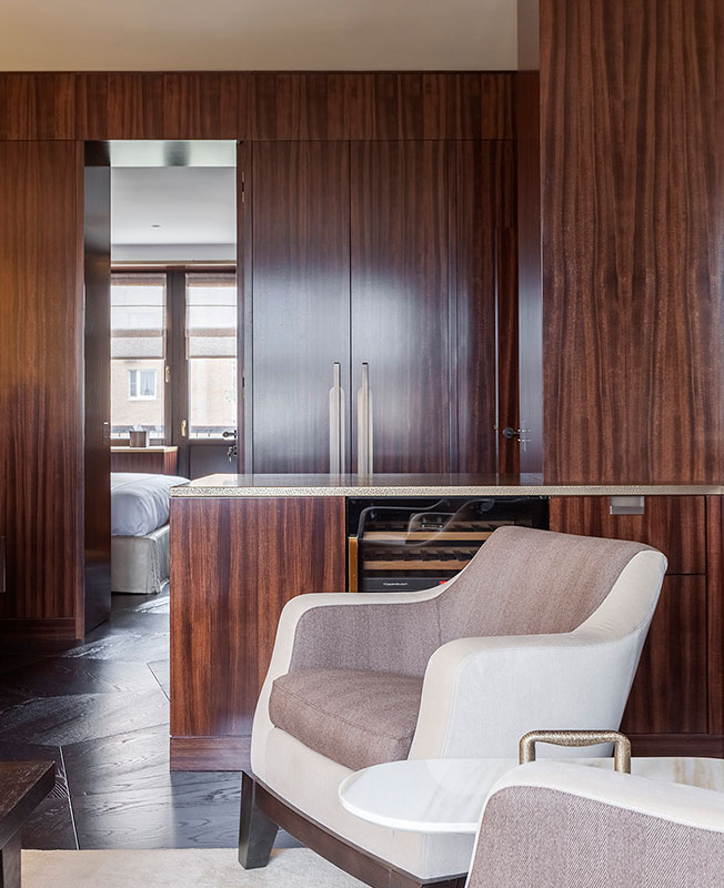 В этом проекте очень много столярных изделий из Италии. Когда материалы поставили в Россию и разгрузили их на объекте для последующего монтажа, свободного пространства остался ровно один квадратный метр. Каждый день в течение трех недель, рабочим приходилось выносить из квартиры часть материалов и распределять их по лестничным площадкам соседних этажей. Вечером дерево заносили обратно, а утром снова освобождали квартиру, чтобы вести работы».
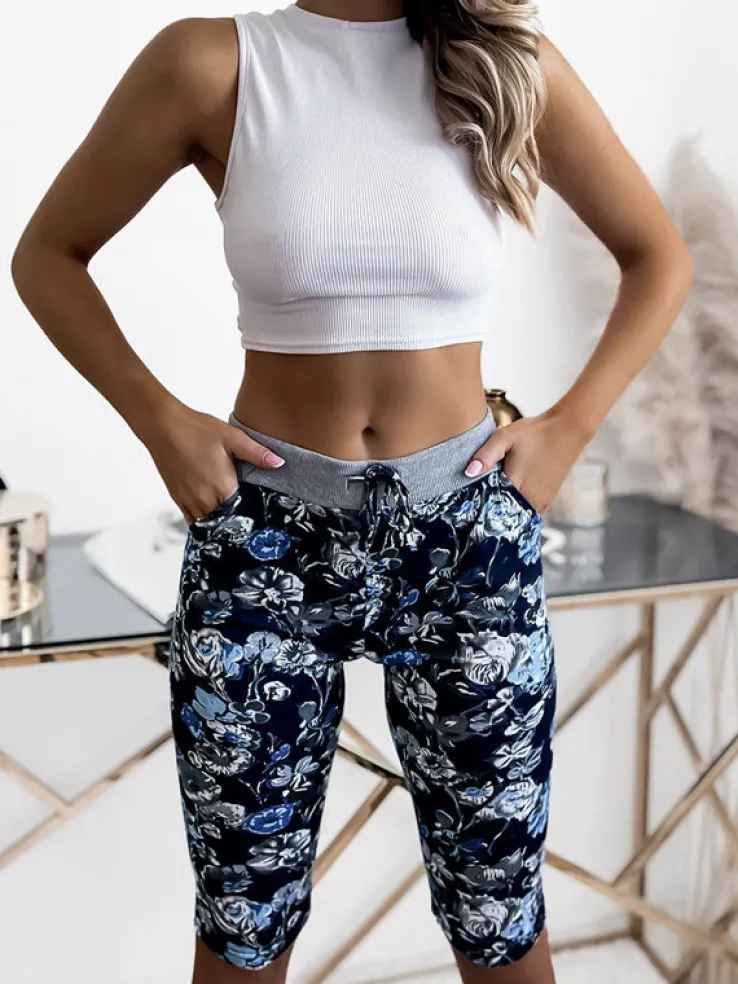 - Wygodne damskie spodenki z kieszeniami, wykonane z tkaniny bawełnianej w kwiaty. Model o długości 3/4, posiada gumę oraz wiązane toczki w pasie. UWAGA: Dokładność pomiaru (+/-) 1 cm.
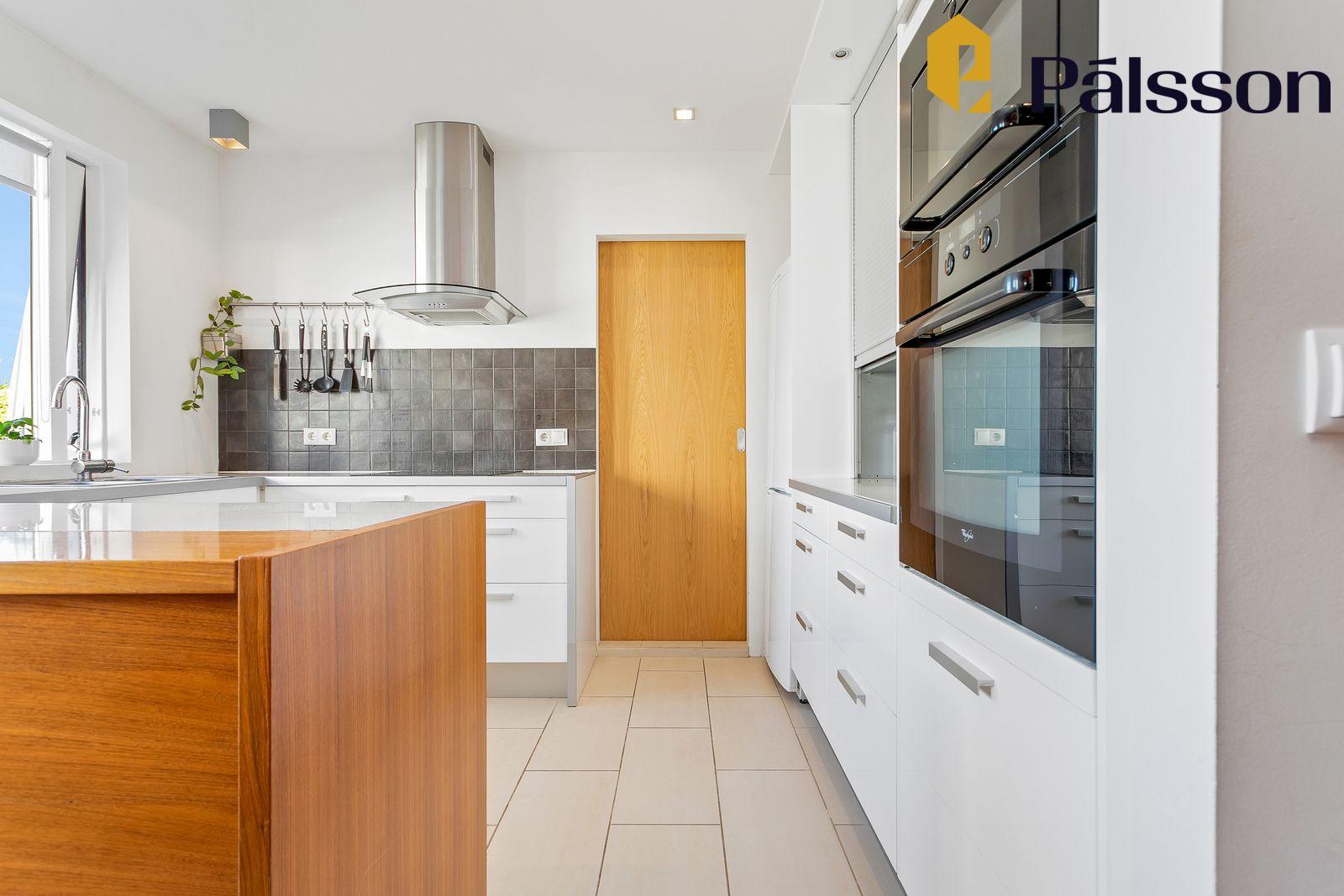 Þvottahús er inn af eldhúsi, tengi fyrir þvottavél og þurkara.
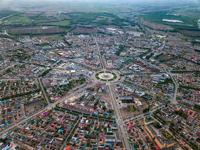 最后给摄影爱好者一点干货。在特克斯是可以飞无人机的,起飞的点我个人有2个建议:第一是离进城大概1-2公里的地方,这里可以从侧面拍摄八卦城全景。第二是从城中起飞,我们是在离街起飞的,但城中起飞需要注意的是干扰问题。城中有几个信号塔和电塔,所以有些地方干扰是特别强的,容易丢信号(御2可以忽略,因为用的是5G信号)。而且还要考虑飞机的马力,如果想飞出2-3公里,且是逆风飞,御1的电量比较捉襟见肘。如果在城中,飞500米,镜头垂直而下,是无法框下全城的。所以只能考虑侧拍等方式,这个需要特别注意下!
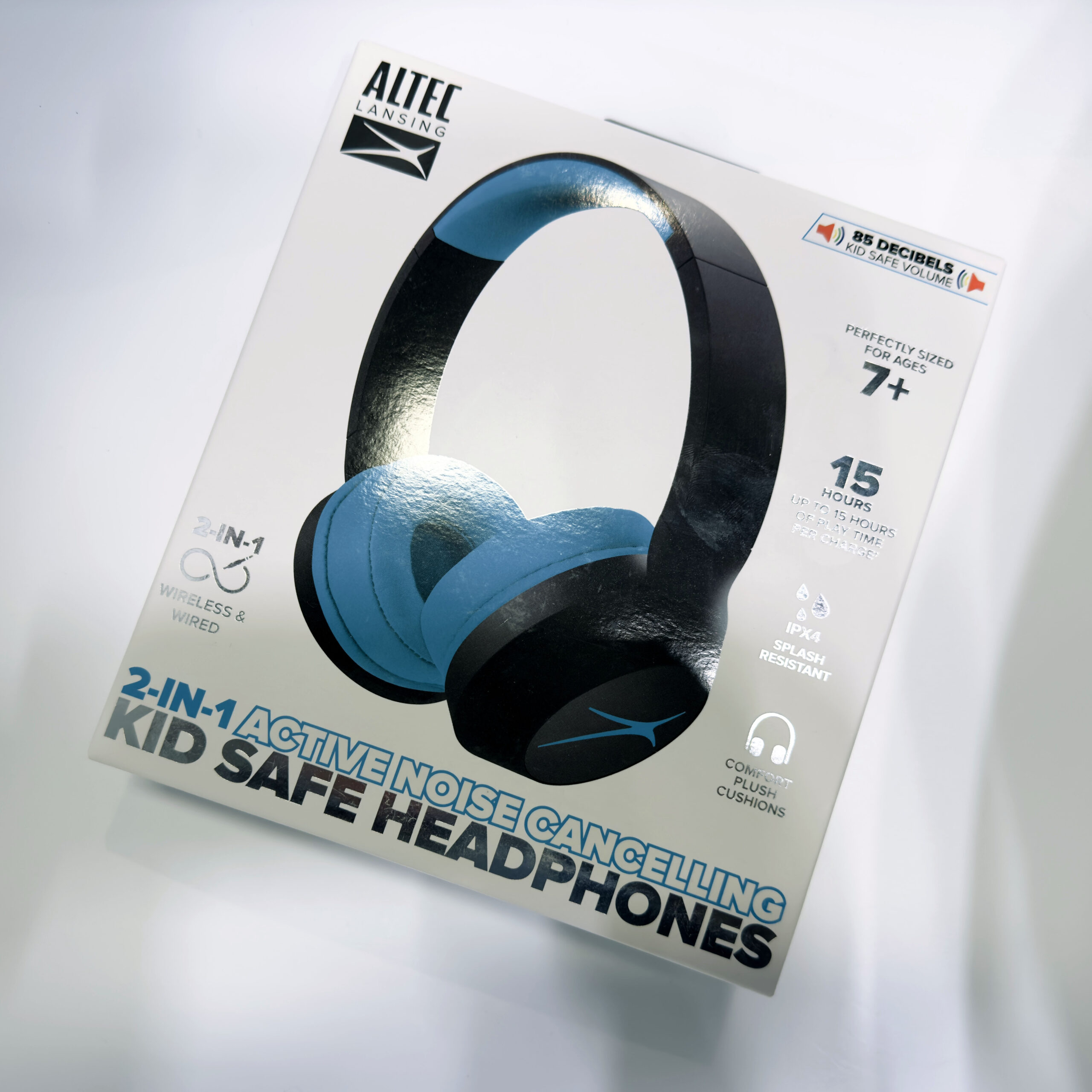 Den kaldes ANC Wireless 2in1 On-Ear og fås i sort, blå og lyserød. Den er trådløs og har aktiv støjreduktion. Hovedtelefonen er ikke beregnet til de mindste børn; Altec Lansing siger, at de passer bedst til børn på 7-8 år eller ældre. De spiller i op til 15 timer på én opladning og kan tåle at være ude i regnvejr.
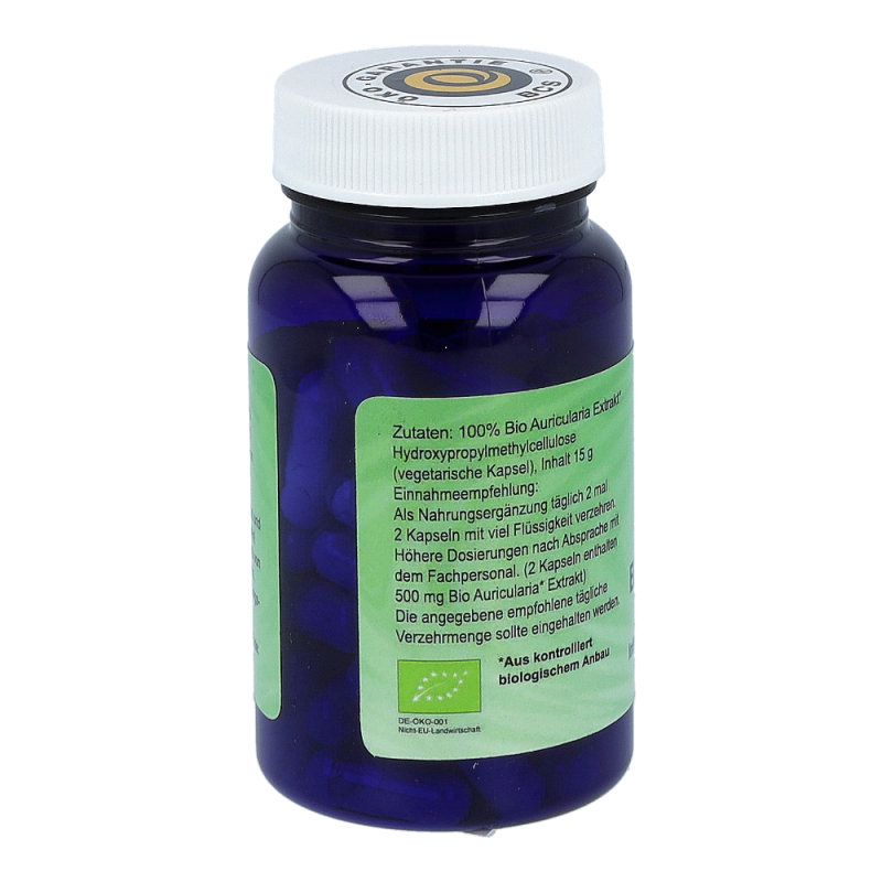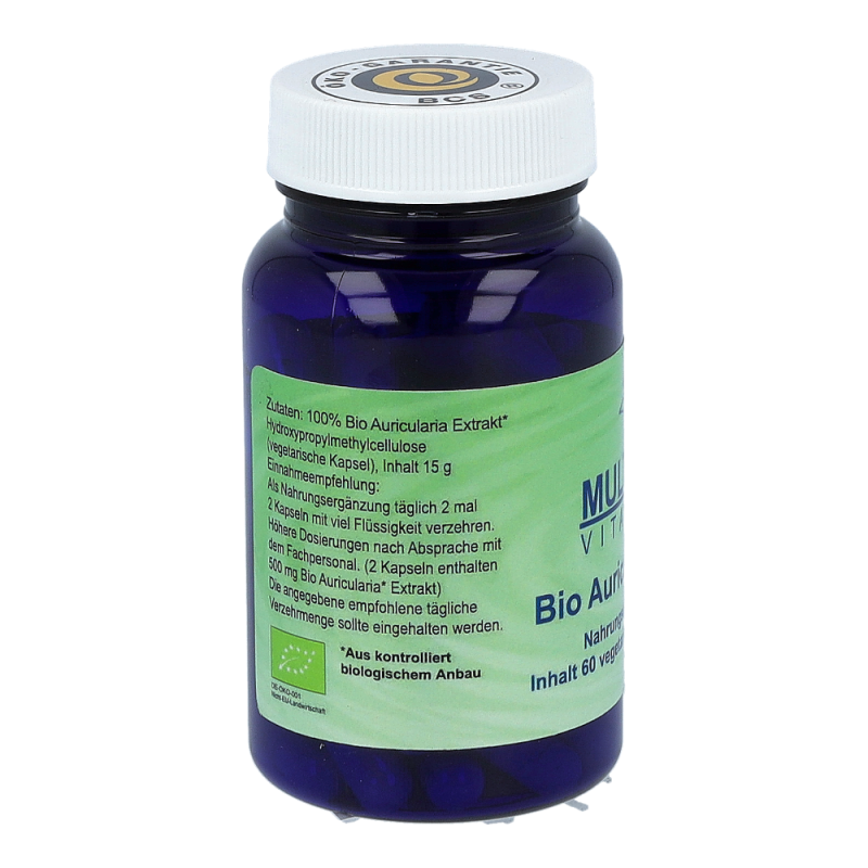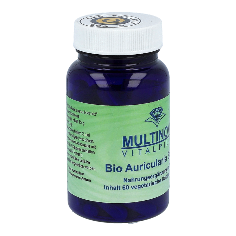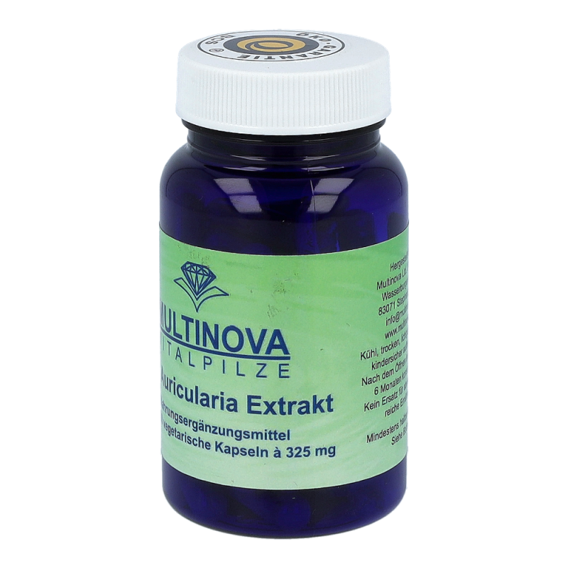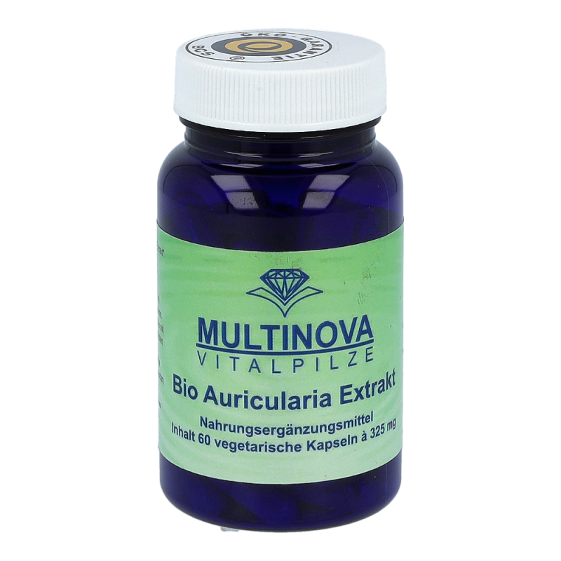 Multinova Auricularia Extrakt Kapseln gelten durch da in ihnen enthaltene Adenosin als blutverdünnend und regen die Durchblutung an. Somit wirken sie sich vitalisierend auf den ganzen Körper aus. Das Produkt enthält teilweise biologische Inhaltsstoffe.
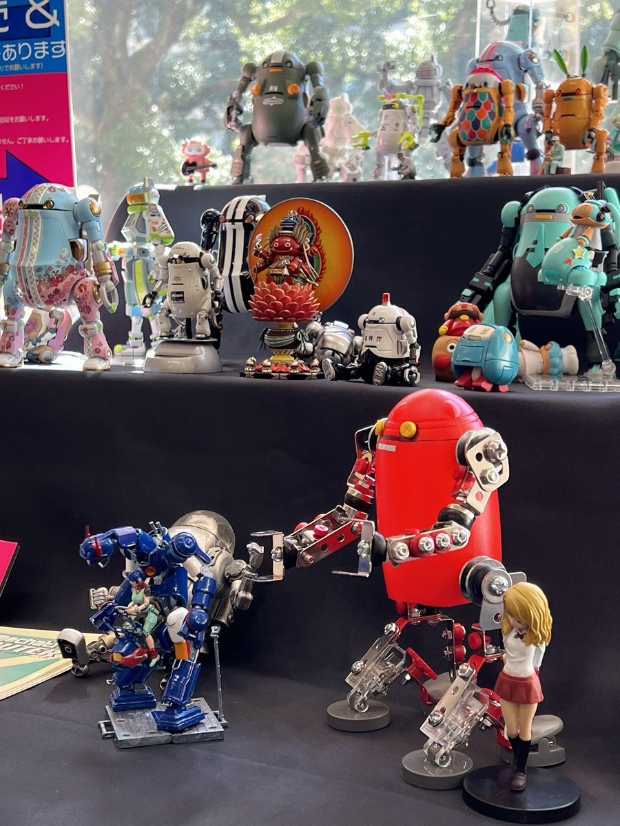 キャビコさんのブースにメカトロポリスの試作品も展示されています。大河原邦男先生デザインロボコーナーがありますので是非チェックを!キャビコグラフィックスやチョイプラ各種など会場販売物も沢山あります! #メカトロウィーゴ #キャビコ #静岡ホビーショー2023
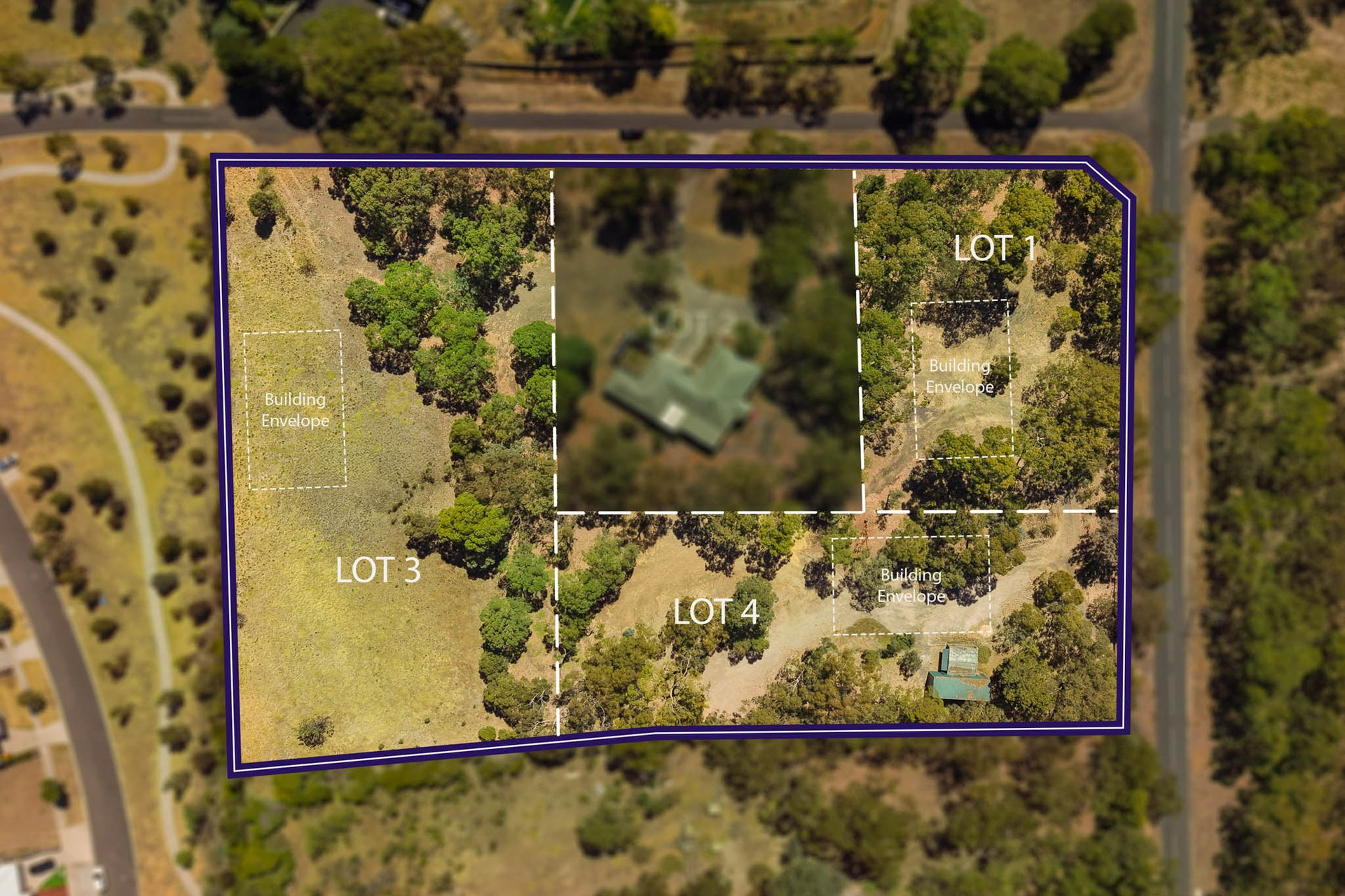 Large allotments comprise: Lot 1 at 4,081 m² (approx.), Lot 3 at 8,122 m² (approx.), and Lot 4 at 4,494 m² (approx.) with essential services available (water and power). Each parcel provides ample space to conceive a full scale luxury home with room for lifestyle assets such as a pool or tennis court (STCA).

*HOW TO COMPLETE THIS TASK:* Without any of the pictures, repeat the entries above word for word.

*ANSWER TO THIS TASK:*
 В этом проекте очень много столярных изделий из Италии. Когда материалы поставили в Россию и разгрузили их на объекте для последующего монтажа, свободного пространства остался ровно один квадратный метр. Каждый день в течение трех недель, рабочим приходилось выносить из квартиры часть материалов и распределять их по лестничным площадкам соседних этажей. Вечером дерево заносили обратно, а утром снова освобождали квартиру, чтобы вести работы».
 - Wygodne damskie spodenki z kieszeniami, wykonane z tkaniny bawełnianej w kwiaty. Model o długości 3/4, posiada gumę oraz wiązane toczki w pasie. UWAGA: Dokładność pomiaru (+/-) 1 cm.
 Þvottahús er inn af eldhúsi, tengi fyrir þvottavél og þurkara.
 最后给摄影爱好者一点干货。在特克斯是可以飞无人机的,起飞的点我个人有2个建议:第一是离进城大概1-2公里的地方,这里可以从侧面拍摄八卦城全景。第二是从城中起飞,我们是在离街起飞的,但城中起飞需要注意的是干扰问题。城中有几个信号塔和电塔,所以有些地方干扰是特别强的,容易丢信号(御2可以忽略,因为用的是5G信号)。而且还要考虑飞机的马力,如果想飞出2-3公里,且是逆风飞,御1的电量比较捉襟见肘。如果在城中,飞500米,镜头垂直而下,是无法框下全城的。所以只能考虑侧拍等方式,这个需要特别注意下!
 Den kaldes ANC Wireless 2in1 On-Ear og fås i sort, blå og lyserød. Den er trådløs og har aktiv støjreduktion. Hovedtelefonen er ikke beregnet til de mindste børn; Altec Lansing siger, at de passer bedst til børn på 7-8 år eller ældre. De spiller i op til 15 timer på én opladning og kan tåle at være ude i regnvejr.
 Multinova Auricularia Extrakt Kapseln gelten durch da in ihnen enthaltene Adenosin als blutverdünnend und regen die Durchblutung an. Somit wirken sie sich vitalisierend auf den ganzen Körper aus. Das Produkt enthält teilweise biologische Inhaltsstoffe.
 キャビコさんのブースにメカトロポリスの試作品も展示されています。大河原邦男先生デザインロボコーナーがありますので是非チェックを!キャビコグラフィックスやチョイプラ各種など会場販売物も沢山あります! #メカトロウィーゴ #キャビコ #静岡ホビーショー2023
 Large allotments comprise: Lot 1 at 4,081 m² (approx.), Lot 3 at 8,122 m² (approx.), and Lot 4 at 4,494 m² (approx.) with essential services available (water and power). Each parcel provides ample space to conceive a full scale luxury home with room for lifestyle assets such as a pool or tennis court (STCA).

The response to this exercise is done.